[Data extract]:
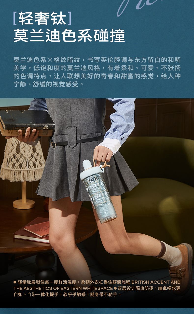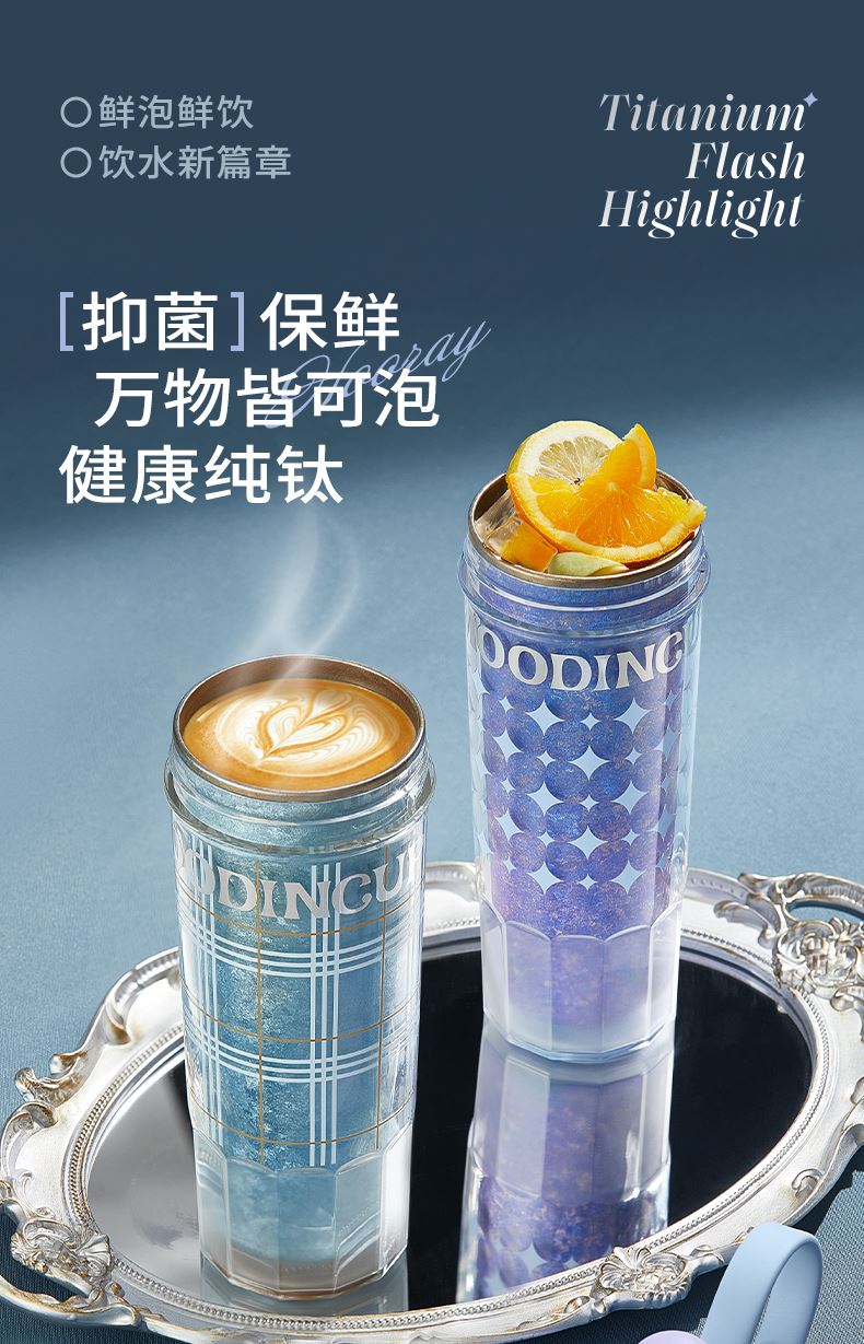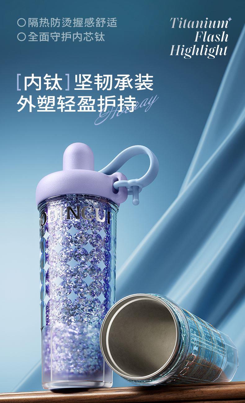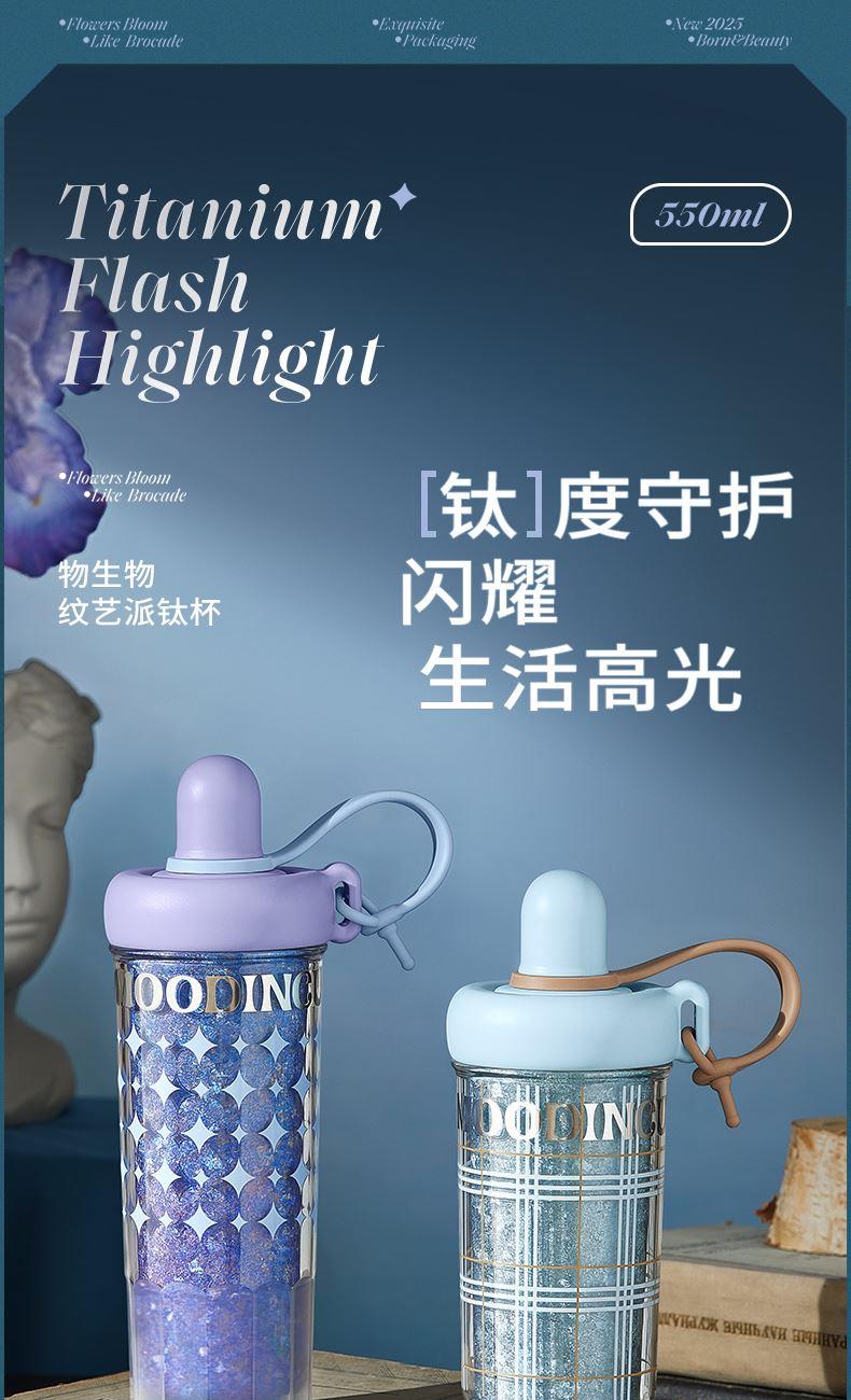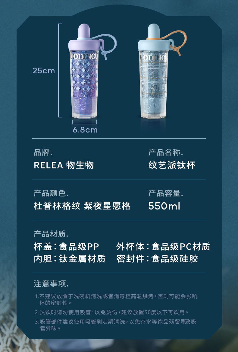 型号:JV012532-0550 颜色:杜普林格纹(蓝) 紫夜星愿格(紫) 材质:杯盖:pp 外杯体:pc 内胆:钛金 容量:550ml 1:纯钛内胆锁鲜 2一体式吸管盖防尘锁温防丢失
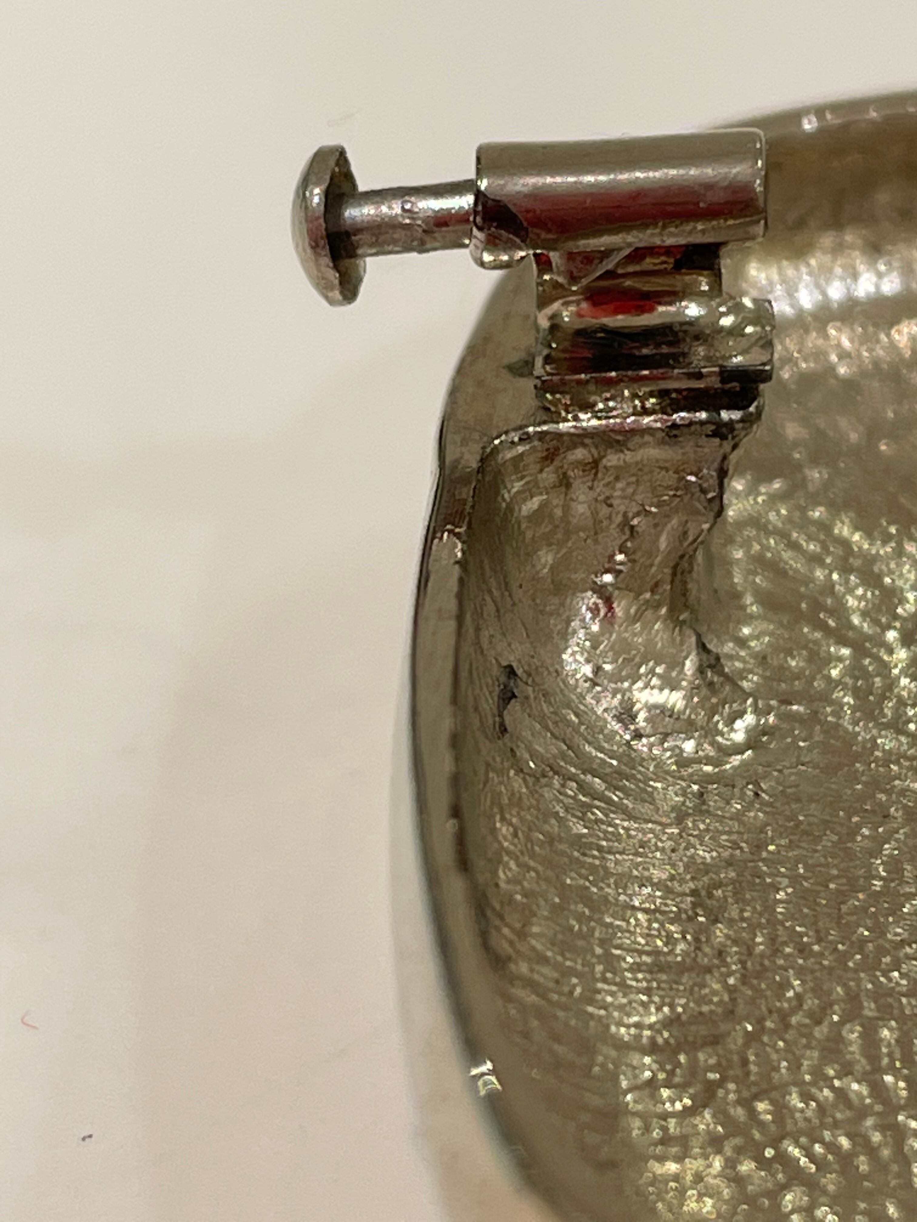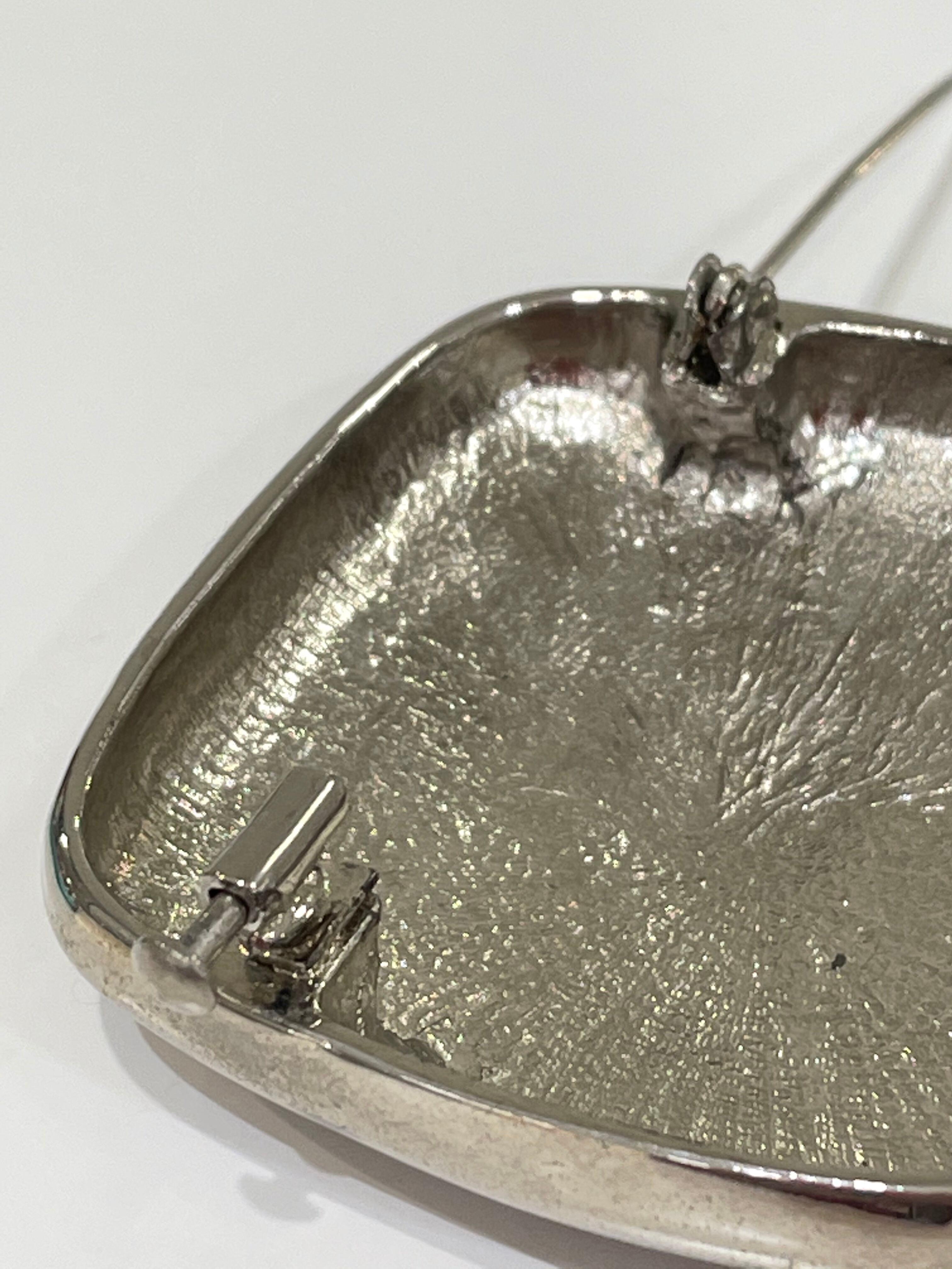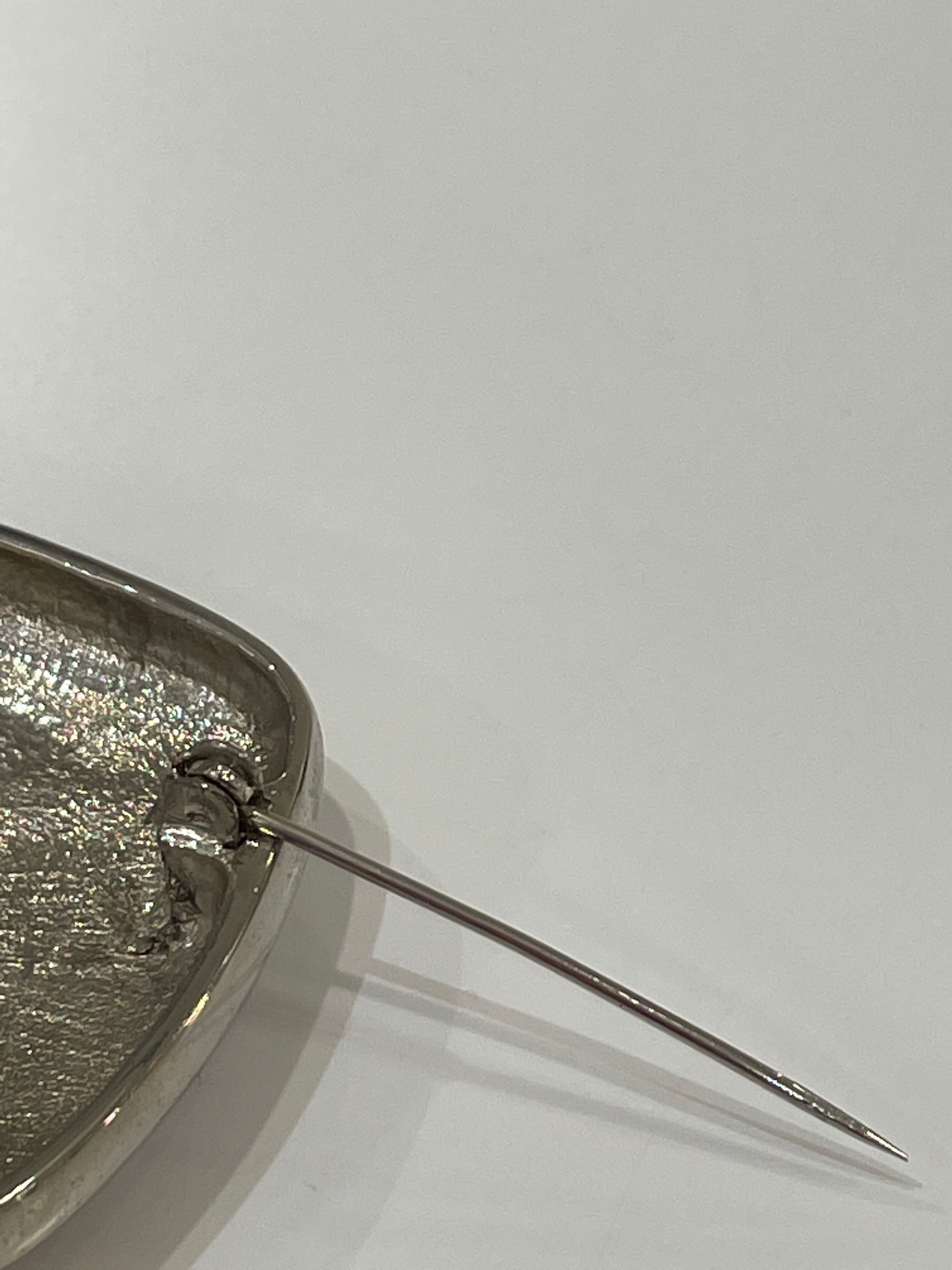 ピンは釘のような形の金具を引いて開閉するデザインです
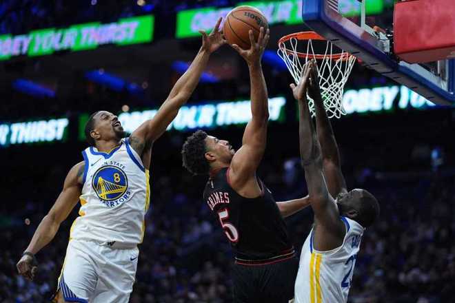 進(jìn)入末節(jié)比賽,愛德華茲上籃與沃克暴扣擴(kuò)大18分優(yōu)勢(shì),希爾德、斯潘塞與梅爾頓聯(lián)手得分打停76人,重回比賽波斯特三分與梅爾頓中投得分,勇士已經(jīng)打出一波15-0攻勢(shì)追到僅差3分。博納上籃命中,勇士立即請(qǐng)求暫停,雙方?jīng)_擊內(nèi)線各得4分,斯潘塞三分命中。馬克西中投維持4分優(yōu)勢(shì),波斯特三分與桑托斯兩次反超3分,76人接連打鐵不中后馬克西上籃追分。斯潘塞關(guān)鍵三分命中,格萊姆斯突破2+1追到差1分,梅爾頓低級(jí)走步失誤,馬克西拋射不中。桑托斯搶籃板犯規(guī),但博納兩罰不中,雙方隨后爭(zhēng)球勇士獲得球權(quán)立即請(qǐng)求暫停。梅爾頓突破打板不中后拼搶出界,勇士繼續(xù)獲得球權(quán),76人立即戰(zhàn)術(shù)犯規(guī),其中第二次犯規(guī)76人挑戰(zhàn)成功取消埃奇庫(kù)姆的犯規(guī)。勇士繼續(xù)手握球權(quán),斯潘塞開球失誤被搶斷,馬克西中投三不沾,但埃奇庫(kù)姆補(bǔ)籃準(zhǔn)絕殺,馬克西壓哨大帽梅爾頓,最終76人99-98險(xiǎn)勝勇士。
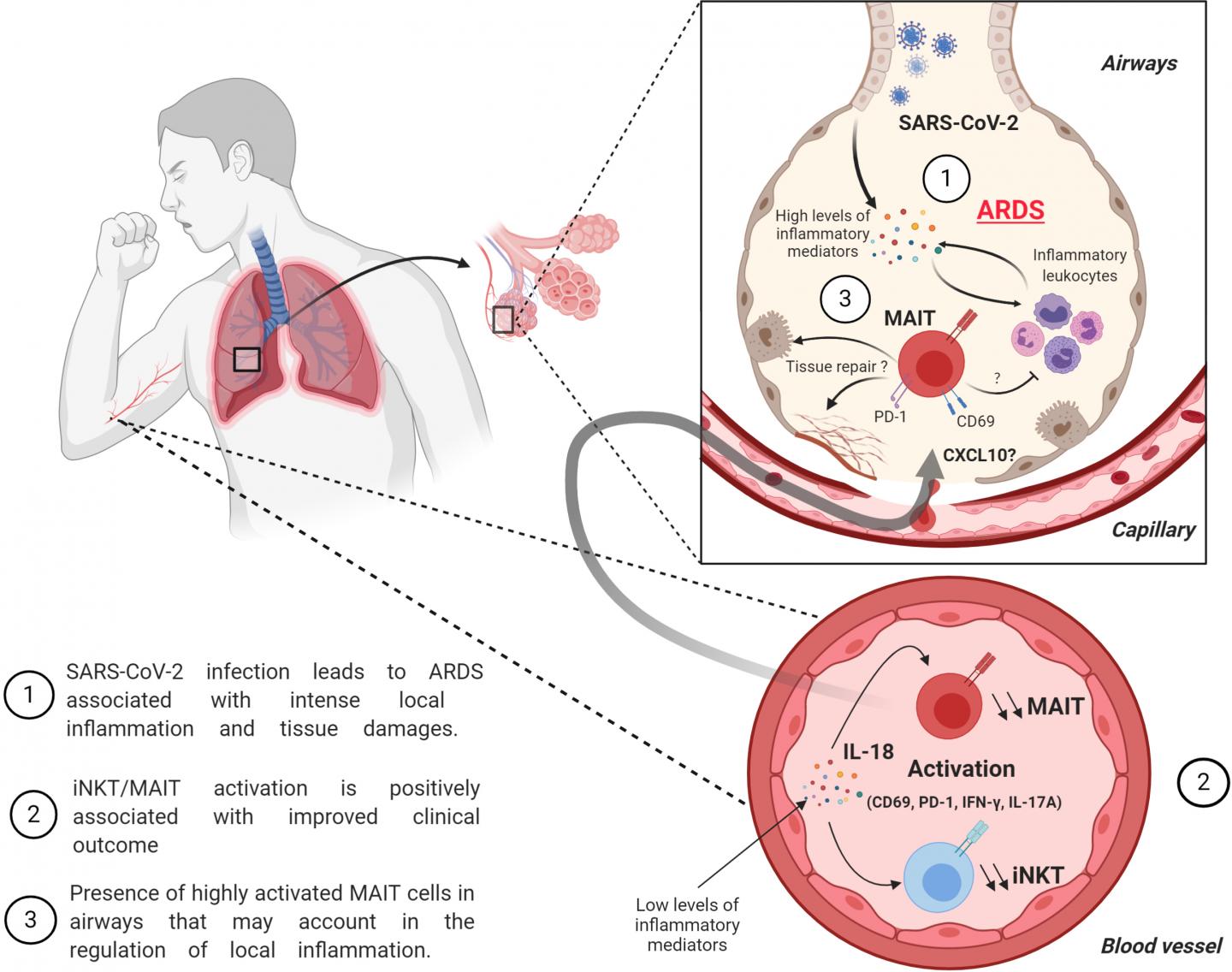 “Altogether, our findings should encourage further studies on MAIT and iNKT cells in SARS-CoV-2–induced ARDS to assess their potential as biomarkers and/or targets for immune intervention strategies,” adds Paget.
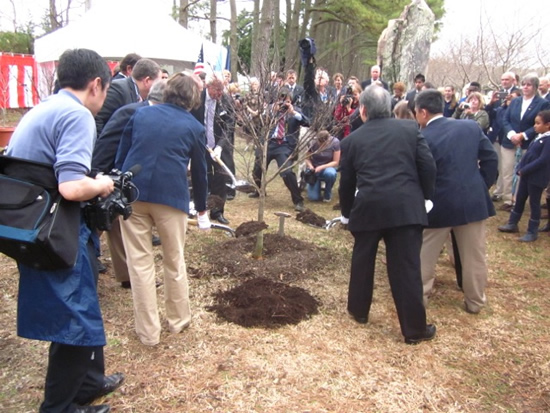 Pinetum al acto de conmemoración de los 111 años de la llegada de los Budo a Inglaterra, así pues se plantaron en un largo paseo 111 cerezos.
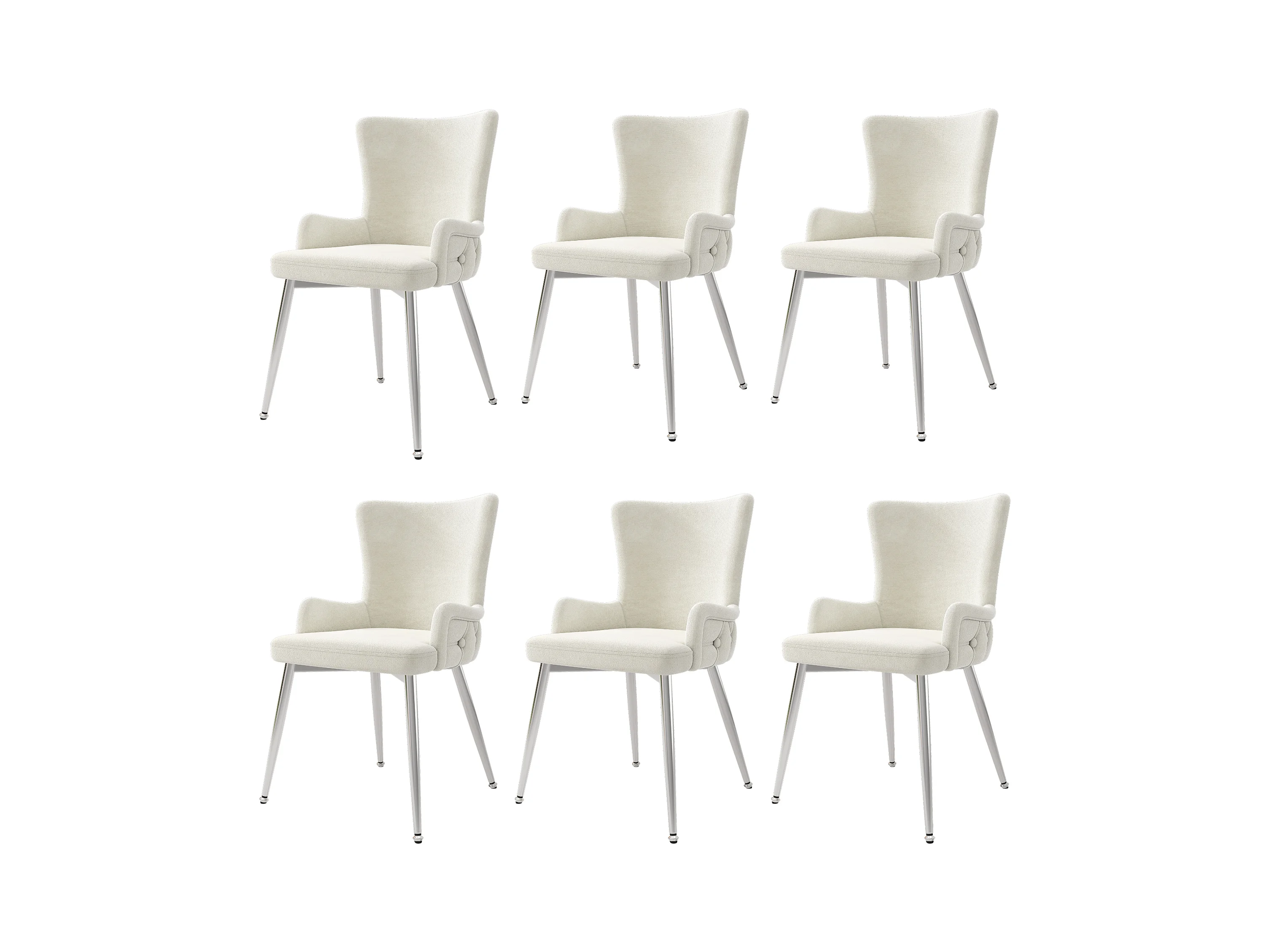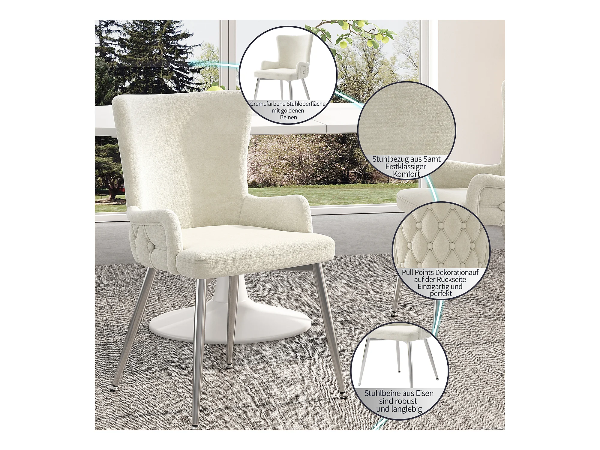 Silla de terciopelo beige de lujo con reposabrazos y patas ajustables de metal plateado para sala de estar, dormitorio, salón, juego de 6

[Exercise objective]: Pictures are to be left out; everything else in the entries is reproduced verbatim.

[Solution for this task]:
 型号:JV012532-0550 颜色:杜普林格纹(蓝) 紫夜星愿格(紫) 材质:杯盖:pp 外杯体:pc 内胆:钛金 容量:550ml 1:纯钛内胆锁鲜 2一体式吸管盖防尘锁温防丢失
 ピンは釘のような形の金具を引いて開閉するデザインです
 進(jìn)入末節(jié)比賽,愛德華茲上籃與沃克暴扣擴(kuò)大18分優(yōu)勢(shì),希爾德、斯潘塞與梅爾頓聯(lián)手得分打停76人,重回比賽波斯特三分與梅爾頓中投得分,勇士已經(jīng)打出一波15-0攻勢(shì)追到僅差3分。博納上籃命中,勇士立即請(qǐng)求暫停,雙方?jīng)_擊內(nèi)線各得4分,斯潘塞三分命中。馬克西中投維持4分優(yōu)勢(shì),波斯特三分與桑托斯兩次反超3分,76人接連打鐵不中后馬克西上籃追分。斯潘塞關(guān)鍵三分命中,格萊姆斯突破2+1追到差1分,梅爾頓低級(jí)走步失誤,馬克西拋射不中。桑托斯搶籃板犯規(guī),但博納兩罰不中,雙方隨后爭(zhēng)球勇士獲得球權(quán)立即請(qǐng)求暫停。梅爾頓突破打板不中后拼搶出界,勇士繼續(xù)獲得球權(quán),76人立即戰(zhàn)術(shù)犯規(guī),其中第二次犯規(guī)76人挑戰(zhàn)成功取消埃奇庫(kù)姆的犯規(guī)。勇士繼續(xù)手握球權(quán),斯潘塞開球失誤被搶斷,馬克西中投三不沾,但埃奇庫(kù)姆補(bǔ)籃準(zhǔn)絕殺,馬克西壓哨大帽梅爾頓,最終76人99-98險(xiǎn)勝勇士。
 “Altogether, our findings should encourage further studies on MAIT and iNKT cells in SARS-CoV-2–induced ARDS to assess their potential as biomarkers and/or targets for immune intervention strategies,” adds Paget.
 Pinetum al acto de conmemoración de los 111 años de la llegada de los Budo a Inglaterra, así pues se plantaron en un largo paseo 111 cerezos.
 Silla de terciopelo beige de lujo con reposabrazos y patas ajustables de metal plateado para sala de estar, dormitorio, salón, juego de 6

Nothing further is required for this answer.